According to Business Marketing (January, '91) overall response was impressive: more than 3,500 inquiries in the first six months from editorial coverage and covers on several magazines including Industrial Maintenance and Plant Operation and Engineer's Digest.

Most companies would not be surprised by AEG's story since, traditionally, public relations has been used to gain attention for products and causes. However, public relations also is highly effective in:

• Changing public opinion
• Building customer confidence and trust
• Revitalizing, relaunching and repositioning mature products
• Communicating new benefits of old products
• Promoting new uses for old products
• Building or maintaining interest in a product category
• Cultivating new markets
• Reaching secondary markets
• Extending the reach of advertising
• Reinforcing weak markets
• Telling the product story in greater depth
• Generating sales inquiries
• Defending products at risk
• Tailoring marketing programs to local audiences
• Influencing opinion leaders and much more.

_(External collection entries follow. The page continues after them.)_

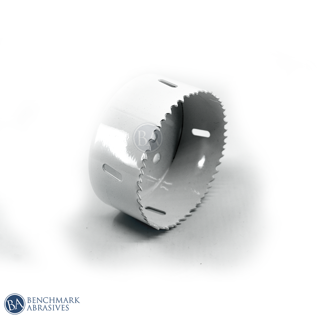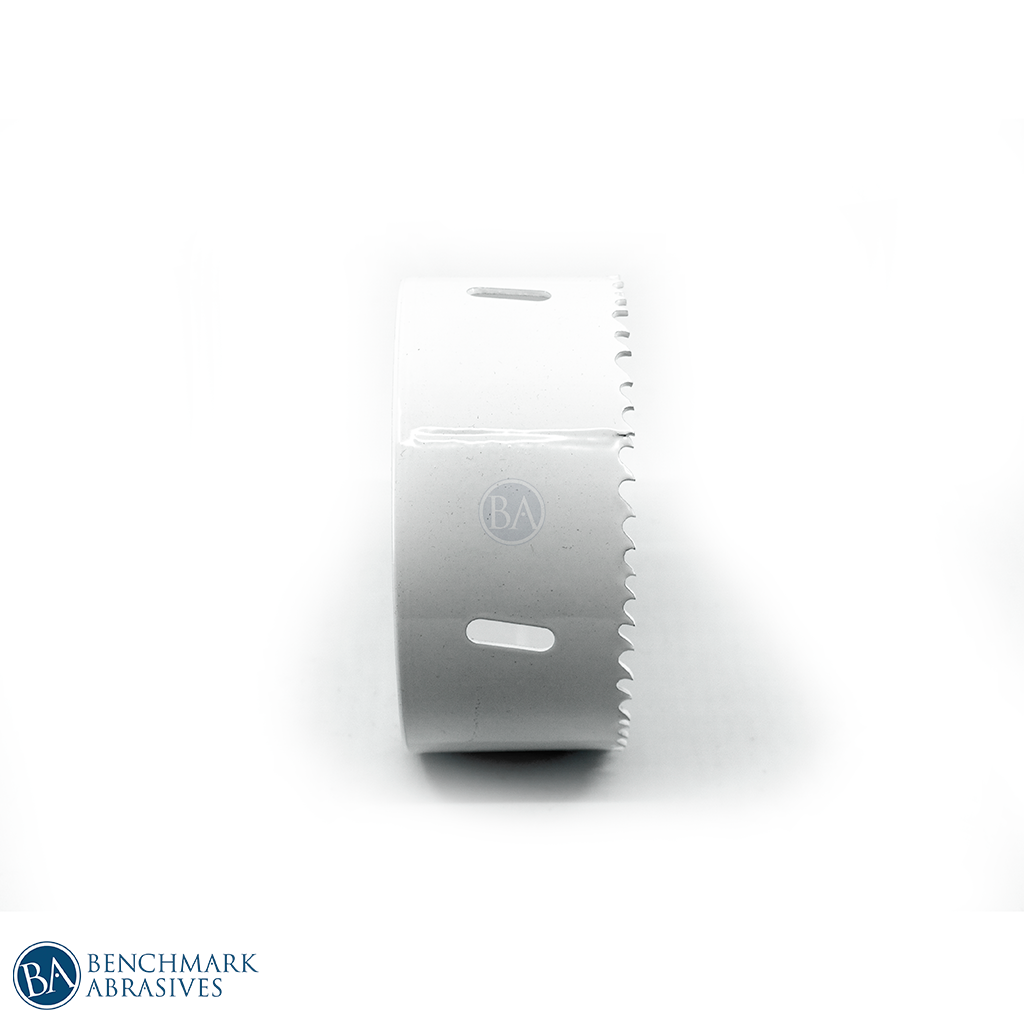 Benchmark Abrasives 3-3/4" Bi-Metal Hole saws are MADE IN USA. Constructed from durable bi-metal for high-performance cutting power, the 4/6 TPI (teeth per inch) and positive rake angle, delivers fast, clean cuts ideal for use on 2” x 4” wood board planks. Side cut outs make removal of debris and plugs a breeze.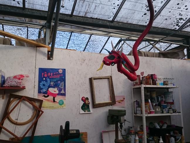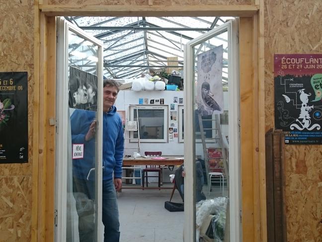 Mon atelier est installé au milieu d’autres ateliers d’artistes et d’artisans sous d’anciennes serres, en pleine campagne. Nous sommes assez nombreux, environ une vingtaine actuellement ─ et d’autres à venir ─, il y a même un garage ! J’y suis à la fois seul dans ma bulle et avec les autres. J’ai un atelier suffisamment grand pour avoir toute ma « nourriture » sous les yeux. Quand je suis ici, je travaille à 100 %. Le téléphone capte mal. Notre réseau téléphonique est mauvais et nous sommes isolés, ce qui n’est pas plus mal ! C’est aussi un lieu plein d’émulation. Avant j’étais seul chez moi, ou et plutôt solitaire, maintenant quand je bloque, je vais discuter avec mes « voisins », ça me permet de faire décanter les choses et de repartir. Il y a toujours quelqu’un pour partager ses compétences avec vous, et vous rendre encore plus efficace dans votre travail. Nous avons un lieu festif avec une scène où nous organisons régulièrement des soirées : concerts, spectacles. C’est un test pour ceux qui l’offrent aux autres, c’est un bon fonctionnement. Tout le monde se nourrit des autres mais a son propre espace propre.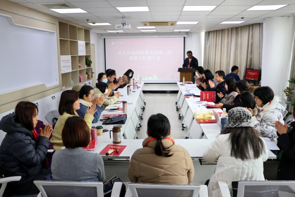 1月7日下午,商务外语学院第九届第三次教职工代表大会在奉浦校区行政楼407会议室顺利举行。31名教职工代表、2名列席代表齐聚一堂,凝聚共识,共谋学院发展。会议由党总支副书记、副院长胡安华主持。

To do this, public relations practitioners utilize a variety of activities designated to complement an existing advertising campaign and increase the credibility of the message.

However, as with any campaign, public relations begins to show results after several months of concentrated effort. The key is patience.

Tom Harris, president of Golin/Harris Communications, predicts public relations will continue to increase in importance throughout the next decade as media costs continue to increase and companies seek to find an effective means of breaking through the information clutter. "Companies that already have a fully integrated marketing program in place will be just that much further ahead of the competition," explained Harris.